= American Bar Association Model Code of Professional Responsibility =

Set of professional standards for lawyers in the United States

The American Bar Association Model Code of Professional Responsibility, created by the American Bar Association (ABA) in 1969, was a set of professional standards designed to establish the minimum baseline of legal ethics and professional responsibility generally required of lawyers in the United States.

It was replaced with the Model Rules of Professional Conduct in 1983 for a number of reasons, especially the Watergate scandal. The Code was also subject to widespread criticism from bench and bar that it was structurally flawed, difficult to understand, hard to obey, and impossible to enforce. The Code consisted of Canons, Ethical Considerations, and Disciplinary Rules, of which the first two were aspirational and only the third was mandatory. This forced judges and lawyers to sort through a maze of Canons and Ethical Considerations just to understand the Disciplinary Rule that controlled a particular ethical issue.

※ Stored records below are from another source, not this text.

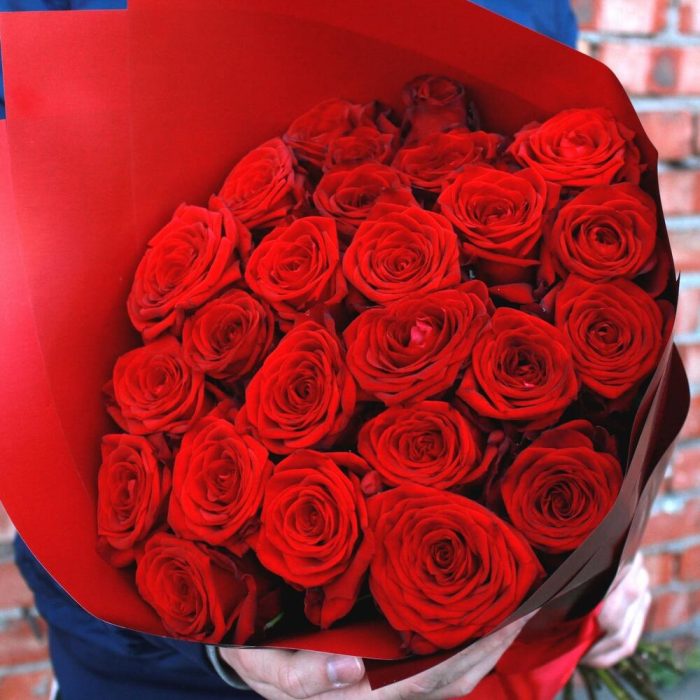 Букет из 25 красных роз (Эквадор) 70 см Freedom
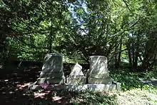 The gravestones of John B. Bachelder, his daughter Charlotte, and his wife, Elizabeth.
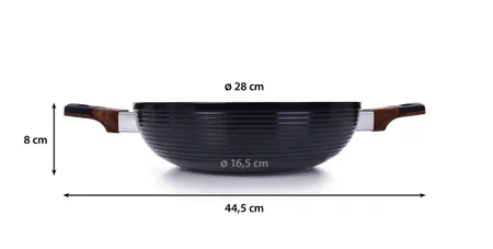 BIOPAN® WOODOO WOK serpenyő, 28 cm átmérővel, üvegfedővel, két fogantyúval a könnyű szállításhoz, 3600 ml űrtartalom, 8 cm magasság.
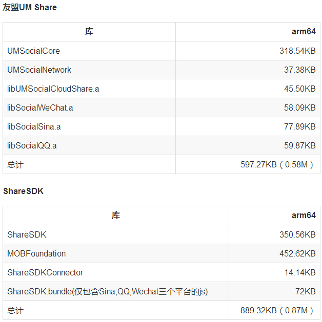 2.表格中均统计各自必须要的库大小(如果需要第三方库,则也应计算在内;不包含系统库)
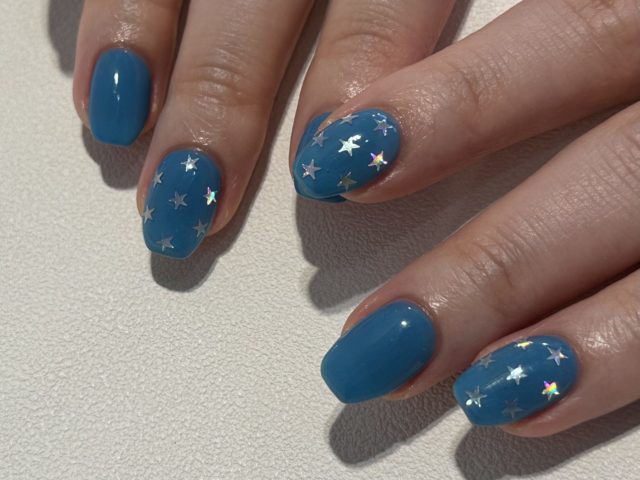 star💫 こんにちは! スタッフのkomamuraです🙋🏼♀️ お客様ネイルのご紹介です◎ お星様がアクセントに🌟 お好きな色でぜひお試しください🥳 こちらはワンカラー➕アート追加でご予約ください!
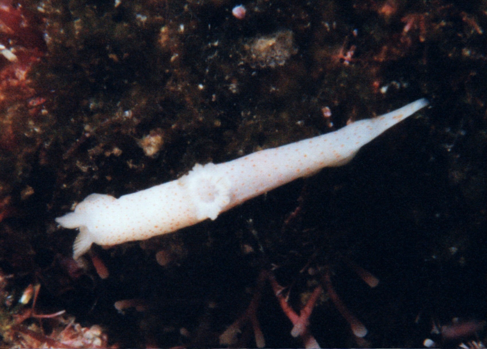 アカボシウミウシのように触角を結ぶ赤いラインが見えないこと、触角と二次鰓が白いことなどからこれとしました。でも実はまだ
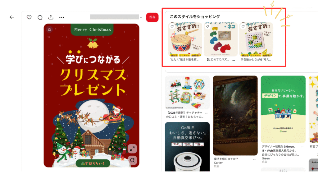 - 露出が増える: 他の人のピンよりも、自分が設定した「このスタイルをショッピング」欄が優先的に表示されるため、自分の他のピンも見てもらいやすくなります。
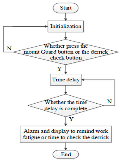 The regular inspection of the oil derrick and driller fatigue work reminders should be used in the time delay procedure. A driller mount guard button and an oil derrick check button are present. When the driller mount guard presses the mount guard button, the system starts to monitor the time to set off the alarm once the prescribed working hours are exceeded. Regular checks on the oil derrick are the same as those on the driller mount guard. The program flow chart is shown in Figure 12.
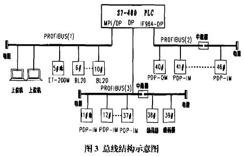 在煉鐵高爐自動(dòng)化控制系統(tǒng)中,分為槽下配料和爐頂加料部份,槽下系統(tǒng)共25個(gè)倉(cāng)、19個(gè)斗,共計(jì)閥門31個(gè),爐頂12個(gè)閥,卷?yè)P(yáng)電機(jī)、探尺設(shè)備配有編碼器。在電氣設(shè)計(jì)方而,分布區(qū)域廣、閥門多、煤氣區(qū)域易燃易爆的特點(diǎn)不容忽視,兇此,我們采用各輸入輸出點(diǎn)(包括數(shù)字量、模擬量)進(jìn)入站點(diǎn)模塊,通過(guò)一根總線傳人_豐控室PLC,以此控制各閥門及電機(jī)動(dòng)作。本文以現(xiàn)場(chǎng)總線的角度出發(fā),結(jié)合采用德國(guó)西門子PIC系統(tǒng)和圖爾克Prnfibus—DP工業(yè)現(xiàn)場(chǎng)總線技術(shù),描述高爐自動(dòng)化系統(tǒng)的實(shí)現(xiàn),并對(duì)當(dāng)前現(xiàn)場(chǎng)總線故障診斷的敏感問(wèn)題提出了一些解決方案。
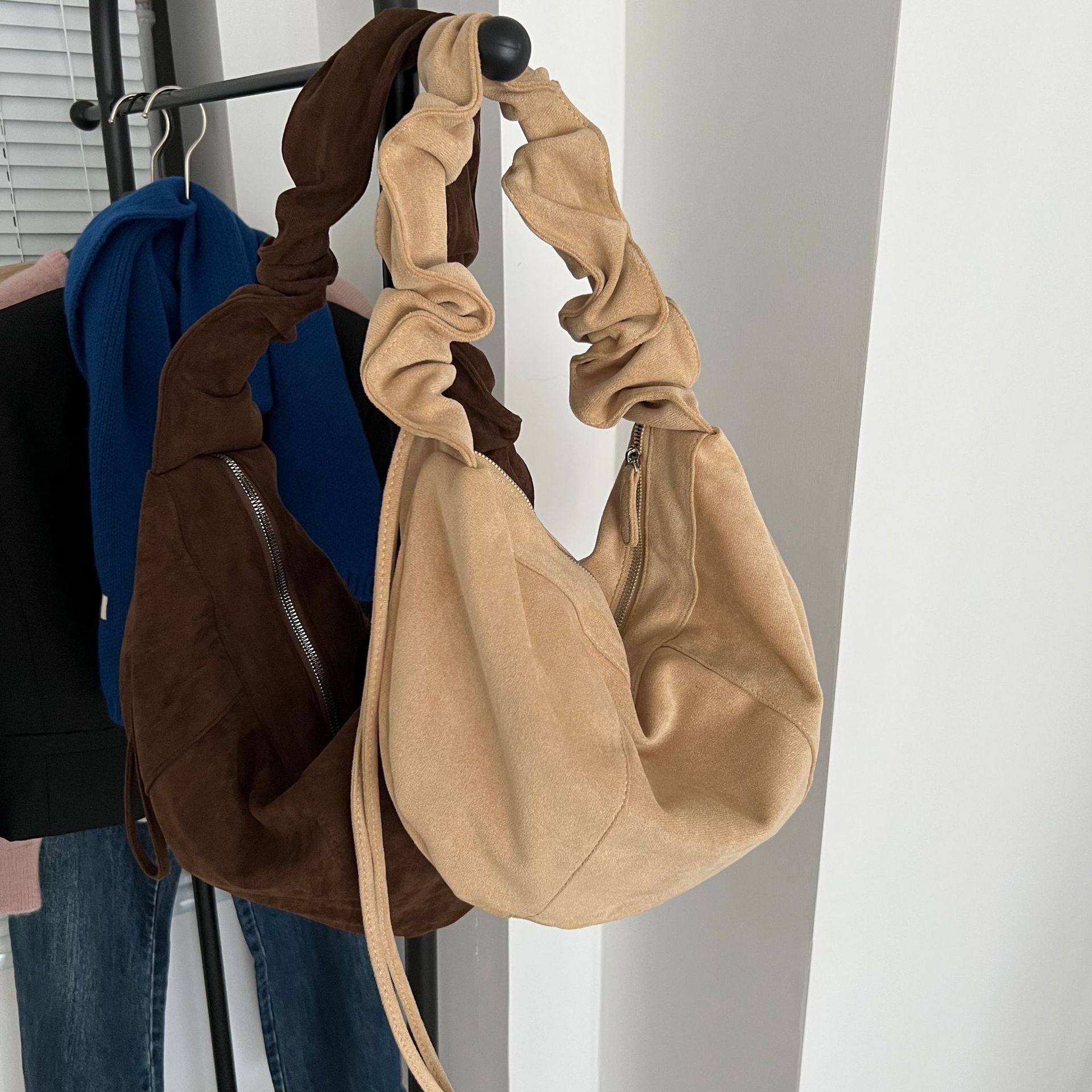 Women's Pleated Cloud Vintage Veet Dumpling Large Bags
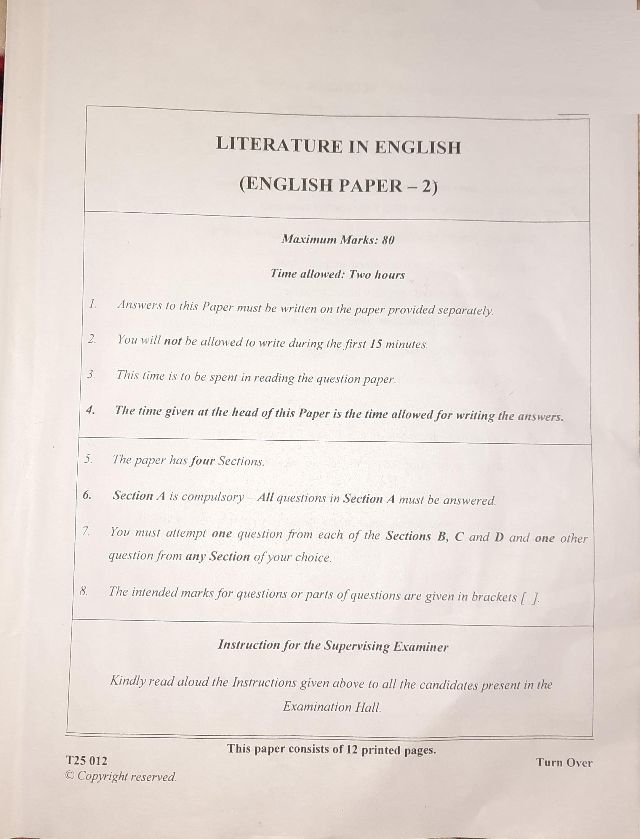 ICSE Class 10 English Literature (Paper 2) Question Paper 2025 Download PDF |
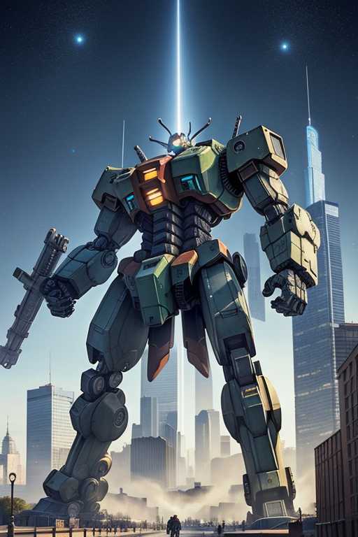 그래서 이렇게 생성을 하면 (잡음 제거 강도는 0.7) 아래와 같이 건담스타일 로봇이 생성됩니다.
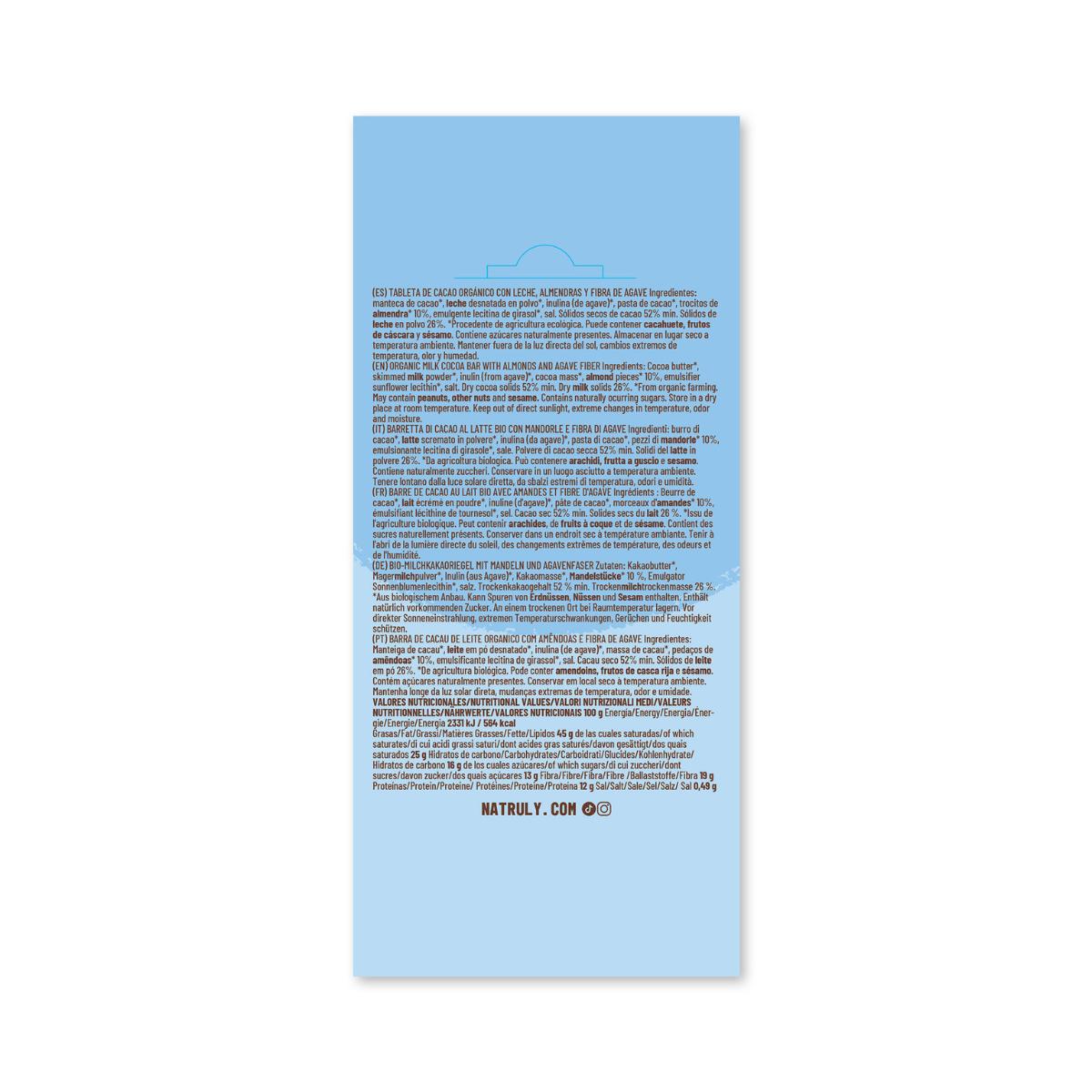 Toda a informação sobre "Barra de chocolate de leite Chocolicious BIO com amêndoas Natruly 85 g"
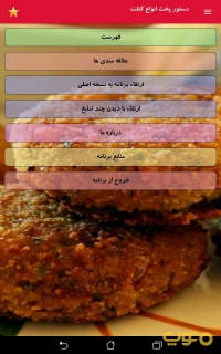 اپلیکیشن «دستور پخت انواع کتلت» برنامه ای جامع و کامل برای آموزش و پخت انواع کتلت ها می باشد. در این برنامه لیست کاملی از انواع کتلت ها گنجانده شده است که با انتخاب هر دستور می توانید مواد لازم،یک تصویر کلی از کتلت آماده شده، زمان آماده سازی، زمان انتظار برای پخت، حجم غذای تولیدی به تعداد نفر، درجه سختی، نحوه آماده سازی مواد اولیه و هم چنین مراحل آماده سازی و پخت را مشاهده نمایید.
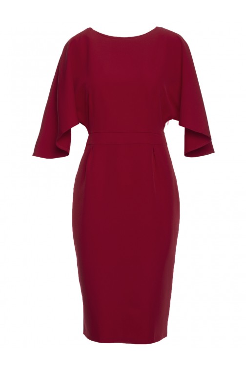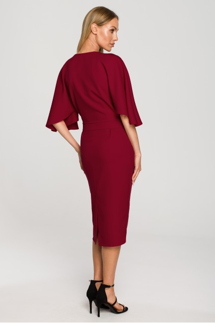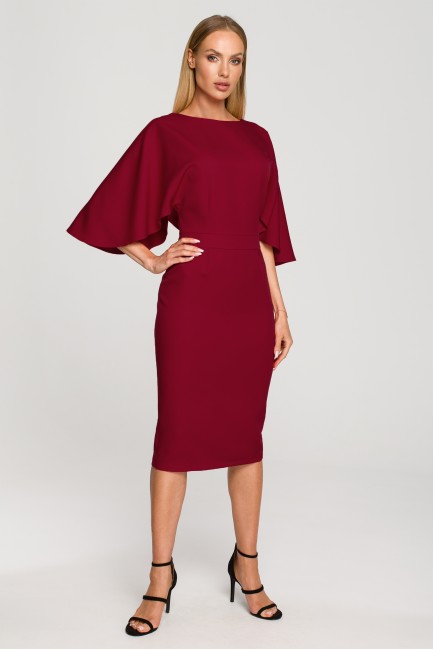CM6844 Sukienka midi z szerokimi rękawami - bordowa
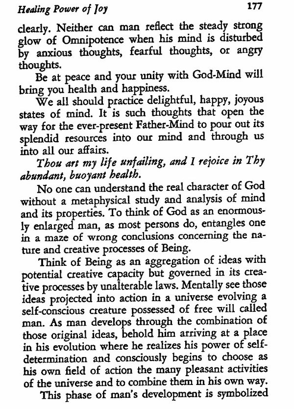 clearly. Neither can man reflect the steady strong glow of Omnipotence when his mind is disturbed by anxious thoughts, fearful thoughts, or angry thoughts.
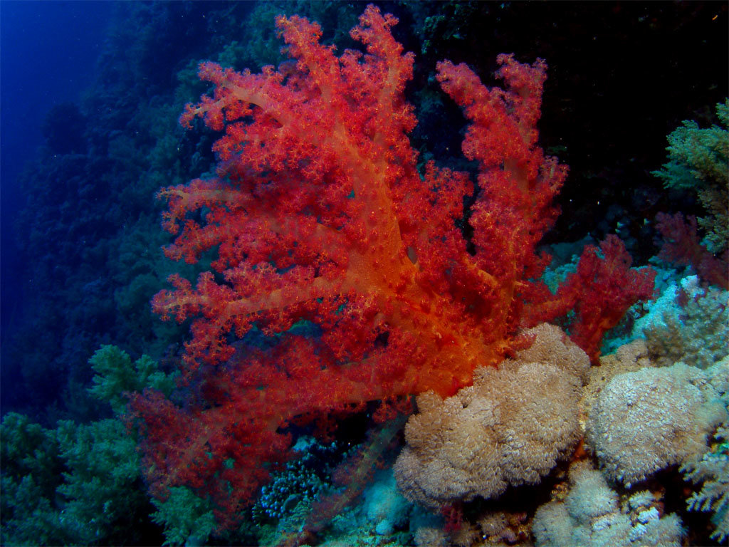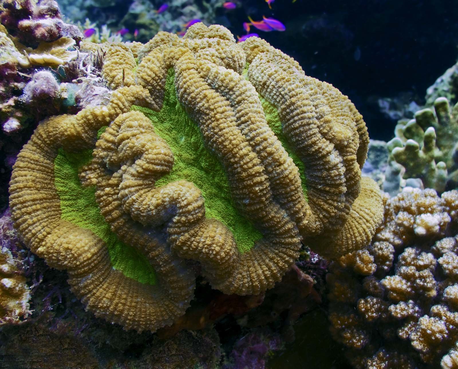 Although some corals can catch small fish and plankton, using stinging cells on their tentacles, most corals obtain the majority of their energy and nutrients from photosynthetic unicellular dinoflagellates in the genus Symbiodinium that live within their tissues. These are commonly known as zooxanthellae and the corals that contain them are zooxanthellate corals. Such corals require sunlight and grow in clear, shallow water, typically at depths shallower than 60 metres (200 ft). Corals are major contributors to the physical structure of the coral reefs that develop in tropical and subtropical waters, such as the enormous Great Barrier Reef off the coast of Queensland, Australia.
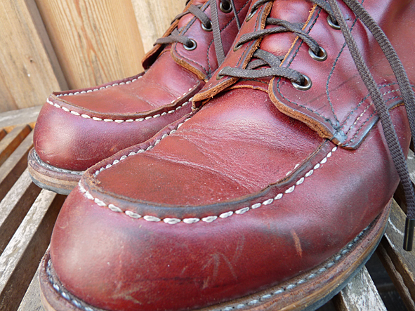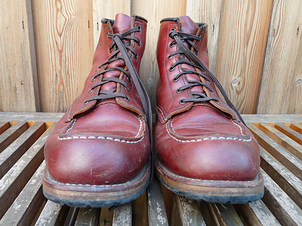 this boot has a crazy story. i bought it in 2006 at RED WING SHOE STORE FRANKFURT. i saw this oro-russet BECKMAN and it was an absolute must-have. i knew this style just in the colors dark brown (the centennial – #1908), black, chestnut featherstone and black cherry featherstone. in 2011 i sold it to my buddy PETER because of an exploding boot closet … WHAT A MISTAKE. always when i saw PETER wearing this boot i got crazy. so i bought it back. since this day i wore my beloved 1912 just 3 times to preserve it. there is no information about the #1912 in the web … nothing. yep, i think i own a really rare and so awesome RED WING BOOT – MY1912 MOC TOE. pics | LTG

During a key debate in late January 1982 over whether to replace the Model Code with the Model Rules, one delegate "referred to the nine canons, 129 ethical considerations and forty-three disciplinary rules as a three-dimensional chess game that lawyers played at their own peril." The American legal community demanded simple bright-line rules that its members could quickly read, comprehend, and follow. In response, the Model Rules consists simply of Rules.

According to the Code's Preface, it was derived from the ABA's Canons of Professional Ethics (1908), which in turn were borrowed from the Canons of the Alabama State Bar (1887), which in turn were inspired by several sources such as ethics resolutions in an 1830s legal textbook.

The U.S. state of New York was the last state using the Code for many years, long after all other states–except California and Maine–had adopted the Model Rules. On December 17, 2008, the administrative committee of the New York courts announced that it had adopted a heavily modified version of the Model Rules, effective April 1, 2009. New York's version of the Model Rules was created by adjusting the standard Model Rules to reflect indigenous New York rules that had been incorporated over the years into its version of the Model Code. Even though New York did not adopt the Model Rules verbatim, the advantage of adopting its overall structure is that it simplifies the professional responsibility training of New York lawyers, and makes it easier for out-of-state lawyers to conform their conduct to New York rules by simply comparing their home state's version of the Model Rules to New York's version.